▶ **INSTRUCTIONS TO FOLLOW**:
Your output should be the entries below, from the first line up to and including the line with "Muslimah Clothing Wholesale", reproduced exactly and with no other lines.

▶ **DATA SUPPLIED**:

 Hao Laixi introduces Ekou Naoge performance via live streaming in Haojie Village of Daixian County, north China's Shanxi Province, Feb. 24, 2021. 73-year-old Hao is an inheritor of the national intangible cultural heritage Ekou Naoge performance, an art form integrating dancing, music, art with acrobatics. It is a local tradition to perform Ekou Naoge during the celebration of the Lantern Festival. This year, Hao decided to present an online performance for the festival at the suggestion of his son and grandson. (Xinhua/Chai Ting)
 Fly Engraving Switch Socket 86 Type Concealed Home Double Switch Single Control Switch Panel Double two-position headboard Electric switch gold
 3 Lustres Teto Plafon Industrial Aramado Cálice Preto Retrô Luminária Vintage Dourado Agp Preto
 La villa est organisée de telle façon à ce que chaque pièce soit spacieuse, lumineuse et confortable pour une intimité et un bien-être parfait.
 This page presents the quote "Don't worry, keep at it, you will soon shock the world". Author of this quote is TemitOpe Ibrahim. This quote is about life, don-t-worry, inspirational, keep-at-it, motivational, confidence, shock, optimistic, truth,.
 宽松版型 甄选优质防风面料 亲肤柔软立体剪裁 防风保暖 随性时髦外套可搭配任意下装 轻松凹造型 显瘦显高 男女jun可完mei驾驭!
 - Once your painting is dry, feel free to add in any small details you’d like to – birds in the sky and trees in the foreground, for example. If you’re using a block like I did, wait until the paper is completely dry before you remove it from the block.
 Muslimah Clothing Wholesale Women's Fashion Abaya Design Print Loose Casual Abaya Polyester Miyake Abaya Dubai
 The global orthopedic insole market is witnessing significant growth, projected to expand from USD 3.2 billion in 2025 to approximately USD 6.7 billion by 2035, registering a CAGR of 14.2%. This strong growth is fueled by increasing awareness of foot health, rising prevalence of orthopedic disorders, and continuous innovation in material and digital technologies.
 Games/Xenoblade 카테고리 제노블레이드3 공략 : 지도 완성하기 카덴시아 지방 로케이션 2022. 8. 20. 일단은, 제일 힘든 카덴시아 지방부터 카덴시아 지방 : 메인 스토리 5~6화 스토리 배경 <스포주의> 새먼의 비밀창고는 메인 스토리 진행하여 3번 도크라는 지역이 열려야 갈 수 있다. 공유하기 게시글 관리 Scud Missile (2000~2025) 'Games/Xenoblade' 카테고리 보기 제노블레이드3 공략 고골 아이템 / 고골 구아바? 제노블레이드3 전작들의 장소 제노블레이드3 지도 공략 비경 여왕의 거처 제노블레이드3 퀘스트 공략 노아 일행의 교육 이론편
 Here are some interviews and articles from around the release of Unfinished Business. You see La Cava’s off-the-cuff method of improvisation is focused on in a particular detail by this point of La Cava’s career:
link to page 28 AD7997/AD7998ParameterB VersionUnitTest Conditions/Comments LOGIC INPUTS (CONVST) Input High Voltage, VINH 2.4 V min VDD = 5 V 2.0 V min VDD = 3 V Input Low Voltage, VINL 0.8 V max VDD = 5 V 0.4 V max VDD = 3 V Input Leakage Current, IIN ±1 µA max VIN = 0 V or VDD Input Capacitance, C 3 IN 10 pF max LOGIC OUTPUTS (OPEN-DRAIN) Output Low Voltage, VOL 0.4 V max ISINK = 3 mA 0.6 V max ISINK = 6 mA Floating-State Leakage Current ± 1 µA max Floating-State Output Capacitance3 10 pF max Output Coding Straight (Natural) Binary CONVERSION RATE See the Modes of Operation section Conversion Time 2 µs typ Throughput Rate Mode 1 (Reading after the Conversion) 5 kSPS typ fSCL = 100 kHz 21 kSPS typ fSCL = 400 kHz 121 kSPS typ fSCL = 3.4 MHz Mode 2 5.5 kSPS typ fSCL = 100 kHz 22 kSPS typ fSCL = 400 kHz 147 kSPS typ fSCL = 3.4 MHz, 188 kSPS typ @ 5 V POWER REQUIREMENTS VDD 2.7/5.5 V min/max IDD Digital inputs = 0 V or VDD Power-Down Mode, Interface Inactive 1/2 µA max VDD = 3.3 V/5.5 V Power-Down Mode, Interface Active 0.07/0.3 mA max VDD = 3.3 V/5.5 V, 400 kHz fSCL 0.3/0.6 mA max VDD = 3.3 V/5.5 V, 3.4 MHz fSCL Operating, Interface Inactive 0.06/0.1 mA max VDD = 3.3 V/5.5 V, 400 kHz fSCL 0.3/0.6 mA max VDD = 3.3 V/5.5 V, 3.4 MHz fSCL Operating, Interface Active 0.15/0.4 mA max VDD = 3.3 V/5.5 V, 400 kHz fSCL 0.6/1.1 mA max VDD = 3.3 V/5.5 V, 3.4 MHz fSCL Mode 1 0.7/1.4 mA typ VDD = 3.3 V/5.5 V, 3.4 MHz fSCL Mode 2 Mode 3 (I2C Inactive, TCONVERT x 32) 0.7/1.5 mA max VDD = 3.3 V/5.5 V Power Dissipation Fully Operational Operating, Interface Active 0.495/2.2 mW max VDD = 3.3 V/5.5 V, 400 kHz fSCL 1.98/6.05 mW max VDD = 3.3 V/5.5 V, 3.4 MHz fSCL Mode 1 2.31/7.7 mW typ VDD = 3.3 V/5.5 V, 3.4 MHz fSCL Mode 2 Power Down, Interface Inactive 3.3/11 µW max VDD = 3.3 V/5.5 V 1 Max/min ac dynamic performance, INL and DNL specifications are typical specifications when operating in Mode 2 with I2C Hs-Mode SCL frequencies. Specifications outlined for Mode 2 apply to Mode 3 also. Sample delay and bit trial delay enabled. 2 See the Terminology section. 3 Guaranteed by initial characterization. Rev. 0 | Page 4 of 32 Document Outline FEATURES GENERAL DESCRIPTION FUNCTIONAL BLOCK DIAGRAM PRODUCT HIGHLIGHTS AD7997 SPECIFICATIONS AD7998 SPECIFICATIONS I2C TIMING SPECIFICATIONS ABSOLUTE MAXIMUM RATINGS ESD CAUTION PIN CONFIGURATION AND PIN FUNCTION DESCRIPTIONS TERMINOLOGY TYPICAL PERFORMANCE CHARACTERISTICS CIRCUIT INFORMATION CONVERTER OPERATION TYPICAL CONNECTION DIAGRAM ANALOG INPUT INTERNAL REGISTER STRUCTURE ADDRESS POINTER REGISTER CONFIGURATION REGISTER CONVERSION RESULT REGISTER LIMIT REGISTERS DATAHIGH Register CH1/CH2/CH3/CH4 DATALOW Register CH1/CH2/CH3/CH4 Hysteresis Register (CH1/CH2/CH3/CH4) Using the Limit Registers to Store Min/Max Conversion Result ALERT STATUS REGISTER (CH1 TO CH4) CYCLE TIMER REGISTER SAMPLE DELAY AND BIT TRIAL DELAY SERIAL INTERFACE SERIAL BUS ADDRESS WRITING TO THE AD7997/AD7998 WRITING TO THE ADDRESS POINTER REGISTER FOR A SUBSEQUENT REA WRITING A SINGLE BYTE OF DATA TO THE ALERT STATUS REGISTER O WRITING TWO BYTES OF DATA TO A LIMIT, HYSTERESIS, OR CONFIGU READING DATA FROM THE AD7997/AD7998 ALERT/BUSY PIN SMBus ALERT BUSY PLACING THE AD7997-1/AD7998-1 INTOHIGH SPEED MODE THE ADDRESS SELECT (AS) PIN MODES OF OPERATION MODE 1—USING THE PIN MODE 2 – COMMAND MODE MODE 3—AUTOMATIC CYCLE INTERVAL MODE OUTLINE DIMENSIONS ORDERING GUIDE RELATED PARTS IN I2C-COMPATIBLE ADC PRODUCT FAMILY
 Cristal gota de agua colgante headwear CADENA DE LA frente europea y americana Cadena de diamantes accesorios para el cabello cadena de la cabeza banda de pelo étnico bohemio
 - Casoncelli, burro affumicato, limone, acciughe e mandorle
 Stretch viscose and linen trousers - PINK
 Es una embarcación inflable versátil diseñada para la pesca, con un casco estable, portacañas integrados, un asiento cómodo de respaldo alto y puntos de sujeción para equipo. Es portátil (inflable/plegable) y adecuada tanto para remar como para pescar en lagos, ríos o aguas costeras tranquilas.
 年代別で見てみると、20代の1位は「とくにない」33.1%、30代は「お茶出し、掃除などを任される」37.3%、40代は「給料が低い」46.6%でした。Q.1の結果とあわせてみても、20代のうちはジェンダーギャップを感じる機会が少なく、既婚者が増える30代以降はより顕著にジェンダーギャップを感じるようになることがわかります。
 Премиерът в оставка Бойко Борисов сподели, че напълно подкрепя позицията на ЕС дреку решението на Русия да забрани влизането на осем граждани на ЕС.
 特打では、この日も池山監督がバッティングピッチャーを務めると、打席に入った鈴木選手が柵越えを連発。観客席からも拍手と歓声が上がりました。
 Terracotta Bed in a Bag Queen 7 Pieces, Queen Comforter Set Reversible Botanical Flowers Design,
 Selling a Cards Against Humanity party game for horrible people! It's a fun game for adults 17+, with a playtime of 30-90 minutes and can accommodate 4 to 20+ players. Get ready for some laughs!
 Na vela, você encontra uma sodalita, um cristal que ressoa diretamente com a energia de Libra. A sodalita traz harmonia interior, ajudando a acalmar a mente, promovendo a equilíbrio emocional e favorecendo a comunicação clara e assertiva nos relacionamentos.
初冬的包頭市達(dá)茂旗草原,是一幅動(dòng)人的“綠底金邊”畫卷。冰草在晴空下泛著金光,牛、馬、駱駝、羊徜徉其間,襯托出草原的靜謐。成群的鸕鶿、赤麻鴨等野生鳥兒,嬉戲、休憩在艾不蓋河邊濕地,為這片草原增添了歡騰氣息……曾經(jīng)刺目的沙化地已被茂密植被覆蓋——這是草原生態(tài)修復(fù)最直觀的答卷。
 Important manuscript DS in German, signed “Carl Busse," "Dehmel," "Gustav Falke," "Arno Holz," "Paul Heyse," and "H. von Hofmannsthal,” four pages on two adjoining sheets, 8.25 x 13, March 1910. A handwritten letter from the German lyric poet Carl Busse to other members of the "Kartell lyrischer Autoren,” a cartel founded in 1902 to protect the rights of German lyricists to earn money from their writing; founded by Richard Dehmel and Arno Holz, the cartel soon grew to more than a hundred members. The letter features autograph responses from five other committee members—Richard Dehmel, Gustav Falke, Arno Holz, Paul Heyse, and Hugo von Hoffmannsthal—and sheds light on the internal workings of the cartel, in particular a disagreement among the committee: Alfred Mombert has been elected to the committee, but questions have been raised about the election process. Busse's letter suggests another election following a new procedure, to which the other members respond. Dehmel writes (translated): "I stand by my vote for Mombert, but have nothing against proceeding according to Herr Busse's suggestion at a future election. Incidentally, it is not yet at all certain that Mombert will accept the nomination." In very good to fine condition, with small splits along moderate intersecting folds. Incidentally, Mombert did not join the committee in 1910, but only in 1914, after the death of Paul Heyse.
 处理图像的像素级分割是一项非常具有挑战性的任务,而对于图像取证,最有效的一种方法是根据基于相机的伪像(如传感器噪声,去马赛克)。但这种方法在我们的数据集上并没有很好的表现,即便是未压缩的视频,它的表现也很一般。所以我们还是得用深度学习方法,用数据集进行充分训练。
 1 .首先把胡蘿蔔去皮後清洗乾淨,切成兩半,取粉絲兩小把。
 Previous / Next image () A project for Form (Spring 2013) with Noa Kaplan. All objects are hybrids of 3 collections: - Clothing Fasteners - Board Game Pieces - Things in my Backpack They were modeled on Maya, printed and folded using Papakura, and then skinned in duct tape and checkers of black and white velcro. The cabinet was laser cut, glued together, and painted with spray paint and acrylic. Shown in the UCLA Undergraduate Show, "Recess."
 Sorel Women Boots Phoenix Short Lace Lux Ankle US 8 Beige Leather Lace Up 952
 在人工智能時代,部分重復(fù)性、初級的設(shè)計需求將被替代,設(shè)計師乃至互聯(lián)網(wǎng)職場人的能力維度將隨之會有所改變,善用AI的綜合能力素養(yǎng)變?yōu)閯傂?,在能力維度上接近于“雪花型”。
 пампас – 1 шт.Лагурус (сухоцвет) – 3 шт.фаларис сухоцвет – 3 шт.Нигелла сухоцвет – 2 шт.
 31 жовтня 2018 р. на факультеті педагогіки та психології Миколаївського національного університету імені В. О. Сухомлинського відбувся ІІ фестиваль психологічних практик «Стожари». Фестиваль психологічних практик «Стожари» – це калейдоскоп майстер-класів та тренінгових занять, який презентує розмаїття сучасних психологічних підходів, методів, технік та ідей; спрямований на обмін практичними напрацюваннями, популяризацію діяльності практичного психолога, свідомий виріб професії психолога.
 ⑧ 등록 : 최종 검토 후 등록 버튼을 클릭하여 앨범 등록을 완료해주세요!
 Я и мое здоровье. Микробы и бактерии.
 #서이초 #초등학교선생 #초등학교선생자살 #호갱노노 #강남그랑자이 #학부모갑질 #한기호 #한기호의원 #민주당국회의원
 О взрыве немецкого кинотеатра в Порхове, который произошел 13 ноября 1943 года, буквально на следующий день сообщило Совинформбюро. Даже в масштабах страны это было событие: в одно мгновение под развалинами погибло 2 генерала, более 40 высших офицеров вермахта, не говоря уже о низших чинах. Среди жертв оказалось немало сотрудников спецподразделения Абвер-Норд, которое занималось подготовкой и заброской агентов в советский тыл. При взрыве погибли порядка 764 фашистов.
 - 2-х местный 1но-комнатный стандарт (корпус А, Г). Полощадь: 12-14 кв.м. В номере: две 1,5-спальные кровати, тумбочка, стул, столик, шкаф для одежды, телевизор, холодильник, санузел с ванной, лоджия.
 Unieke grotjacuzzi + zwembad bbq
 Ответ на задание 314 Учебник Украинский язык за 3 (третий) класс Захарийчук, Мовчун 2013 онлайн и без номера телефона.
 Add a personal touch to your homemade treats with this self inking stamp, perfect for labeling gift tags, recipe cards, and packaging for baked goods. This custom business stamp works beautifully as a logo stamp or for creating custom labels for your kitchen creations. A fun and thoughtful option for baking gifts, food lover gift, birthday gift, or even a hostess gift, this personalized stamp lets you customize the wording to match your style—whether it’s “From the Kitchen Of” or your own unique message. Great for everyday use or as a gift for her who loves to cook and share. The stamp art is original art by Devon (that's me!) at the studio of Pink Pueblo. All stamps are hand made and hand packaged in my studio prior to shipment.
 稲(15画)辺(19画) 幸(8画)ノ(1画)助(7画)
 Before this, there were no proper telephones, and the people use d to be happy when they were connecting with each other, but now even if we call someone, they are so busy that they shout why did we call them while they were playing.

▶ **EXERCISE ANSWER**:
 Hao Laixi introduces Ekou Naoge performance via live streaming in Haojie Village of Daixian County, north China's Shanxi Province, Feb. 24, 2021. 73-year-old Hao is an inheritor of the national intangible cultural heritage Ekou Naoge performance, an art form integrating dancing, music, art with acrobatics. It is a local tradition to perform Ekou Naoge during the celebration of the Lantern Festival. This year, Hao decided to present an online performance for the festival at the suggestion of his son and grandson. (Xinhua/Chai Ting)
 Fly Engraving Switch Socket 86 Type Concealed Home Double Switch Single Control Switch Panel Double two-position headboard Electric switch gold
 3 Lustres Teto Plafon Industrial Aramado Cálice Preto Retrô Luminária Vintage Dourado Agp Preto
 La villa est organisée de telle façon à ce que chaque pièce soit spacieuse, lumineuse et confortable pour une intimité et un bien-être parfait.
 This page presents the quote "Don't worry, keep at it, you will soon shock the world". Author of this quote is TemitOpe Ibrahim. This quote is about life, don-t-worry, inspirational, keep-at-it, motivational, confidence, shock, optimistic, truth,.
 宽松版型 甄选优质防风面料 亲肤柔软立体剪裁 防风保暖 随性时髦外套可搭配任意下装 轻松凹造型 显瘦显高 男女jun可完mei驾驭!
 - Once your painting is dry, feel free to add in any small details you’d like to – birds in the sky and trees in the foreground, for example. If you’re using a block like I did, wait until the paper is completely dry before you remove it from the block.
 Muslimah Clothing Wholesale Women's Fashion Abaya Design Print Loose Casual Abaya Polyester Miyake Abaya Dubai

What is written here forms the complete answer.